Since only a count is wanted, work out how many lines in the material below contain the word "value" and return that number.

------ EXERCISE DATA ------

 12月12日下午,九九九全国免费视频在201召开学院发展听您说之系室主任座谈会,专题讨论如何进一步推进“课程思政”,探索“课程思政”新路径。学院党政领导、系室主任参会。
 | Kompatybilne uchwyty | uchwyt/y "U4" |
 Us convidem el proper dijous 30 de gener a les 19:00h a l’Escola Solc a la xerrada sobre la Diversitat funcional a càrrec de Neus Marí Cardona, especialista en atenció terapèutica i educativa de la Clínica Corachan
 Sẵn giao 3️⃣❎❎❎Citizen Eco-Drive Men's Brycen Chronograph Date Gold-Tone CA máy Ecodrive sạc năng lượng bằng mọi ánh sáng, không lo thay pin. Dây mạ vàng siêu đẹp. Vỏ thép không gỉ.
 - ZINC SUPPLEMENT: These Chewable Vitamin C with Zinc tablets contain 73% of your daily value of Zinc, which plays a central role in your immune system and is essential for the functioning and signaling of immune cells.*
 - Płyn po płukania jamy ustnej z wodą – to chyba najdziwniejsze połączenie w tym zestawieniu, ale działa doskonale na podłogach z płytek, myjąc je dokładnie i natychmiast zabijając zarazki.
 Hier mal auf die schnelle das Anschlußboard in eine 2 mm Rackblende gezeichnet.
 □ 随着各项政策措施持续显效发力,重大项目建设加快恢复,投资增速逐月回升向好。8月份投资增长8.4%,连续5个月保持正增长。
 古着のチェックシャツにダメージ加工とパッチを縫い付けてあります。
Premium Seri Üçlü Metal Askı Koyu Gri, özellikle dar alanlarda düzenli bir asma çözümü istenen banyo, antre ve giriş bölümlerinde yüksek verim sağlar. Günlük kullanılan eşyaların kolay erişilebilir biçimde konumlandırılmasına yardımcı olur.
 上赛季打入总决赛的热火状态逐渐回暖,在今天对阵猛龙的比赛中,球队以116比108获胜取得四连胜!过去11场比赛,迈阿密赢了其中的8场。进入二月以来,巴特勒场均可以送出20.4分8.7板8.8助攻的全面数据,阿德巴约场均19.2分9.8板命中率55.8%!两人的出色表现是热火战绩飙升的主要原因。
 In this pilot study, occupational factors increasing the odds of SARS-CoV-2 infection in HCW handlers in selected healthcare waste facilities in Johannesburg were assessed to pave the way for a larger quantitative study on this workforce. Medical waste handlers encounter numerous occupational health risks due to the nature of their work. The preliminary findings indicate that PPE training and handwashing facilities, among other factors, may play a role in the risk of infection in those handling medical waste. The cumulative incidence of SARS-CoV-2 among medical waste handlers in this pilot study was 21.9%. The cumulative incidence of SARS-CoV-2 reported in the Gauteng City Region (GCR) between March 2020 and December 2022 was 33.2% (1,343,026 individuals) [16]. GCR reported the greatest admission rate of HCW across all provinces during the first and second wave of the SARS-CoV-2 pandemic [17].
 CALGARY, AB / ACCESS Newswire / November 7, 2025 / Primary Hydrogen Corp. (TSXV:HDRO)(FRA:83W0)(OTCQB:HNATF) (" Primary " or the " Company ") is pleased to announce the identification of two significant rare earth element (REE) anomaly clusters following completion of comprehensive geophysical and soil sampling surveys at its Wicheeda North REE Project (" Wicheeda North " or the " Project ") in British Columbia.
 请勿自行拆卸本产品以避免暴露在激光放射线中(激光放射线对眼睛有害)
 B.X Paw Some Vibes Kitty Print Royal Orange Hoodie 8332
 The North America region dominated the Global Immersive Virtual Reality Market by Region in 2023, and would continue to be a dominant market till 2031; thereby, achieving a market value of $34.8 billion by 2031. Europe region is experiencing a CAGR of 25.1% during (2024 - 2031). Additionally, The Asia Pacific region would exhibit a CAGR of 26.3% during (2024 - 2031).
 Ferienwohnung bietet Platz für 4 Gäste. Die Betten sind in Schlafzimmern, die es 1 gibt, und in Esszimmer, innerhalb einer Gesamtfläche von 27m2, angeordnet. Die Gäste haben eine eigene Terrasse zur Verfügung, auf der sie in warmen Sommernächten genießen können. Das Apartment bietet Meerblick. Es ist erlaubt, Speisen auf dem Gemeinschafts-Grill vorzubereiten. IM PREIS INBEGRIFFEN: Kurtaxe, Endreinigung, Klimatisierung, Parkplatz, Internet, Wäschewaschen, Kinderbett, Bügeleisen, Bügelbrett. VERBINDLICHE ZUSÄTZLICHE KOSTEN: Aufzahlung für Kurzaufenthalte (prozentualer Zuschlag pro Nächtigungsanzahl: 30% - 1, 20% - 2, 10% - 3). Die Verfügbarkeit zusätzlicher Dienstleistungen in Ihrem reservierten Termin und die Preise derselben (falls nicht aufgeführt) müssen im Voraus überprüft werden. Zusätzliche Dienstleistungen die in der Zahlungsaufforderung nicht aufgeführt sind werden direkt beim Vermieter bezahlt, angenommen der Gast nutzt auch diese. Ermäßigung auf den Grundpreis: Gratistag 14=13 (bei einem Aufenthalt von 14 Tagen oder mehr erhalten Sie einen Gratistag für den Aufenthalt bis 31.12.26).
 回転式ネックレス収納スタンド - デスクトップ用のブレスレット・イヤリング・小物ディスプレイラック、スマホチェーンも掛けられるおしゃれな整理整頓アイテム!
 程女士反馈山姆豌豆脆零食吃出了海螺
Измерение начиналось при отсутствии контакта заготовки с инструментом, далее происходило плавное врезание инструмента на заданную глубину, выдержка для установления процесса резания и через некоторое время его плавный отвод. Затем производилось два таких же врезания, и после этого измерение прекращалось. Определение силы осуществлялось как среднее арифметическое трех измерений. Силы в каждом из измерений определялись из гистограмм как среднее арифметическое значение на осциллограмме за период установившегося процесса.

------

TASK OUTPUT: 2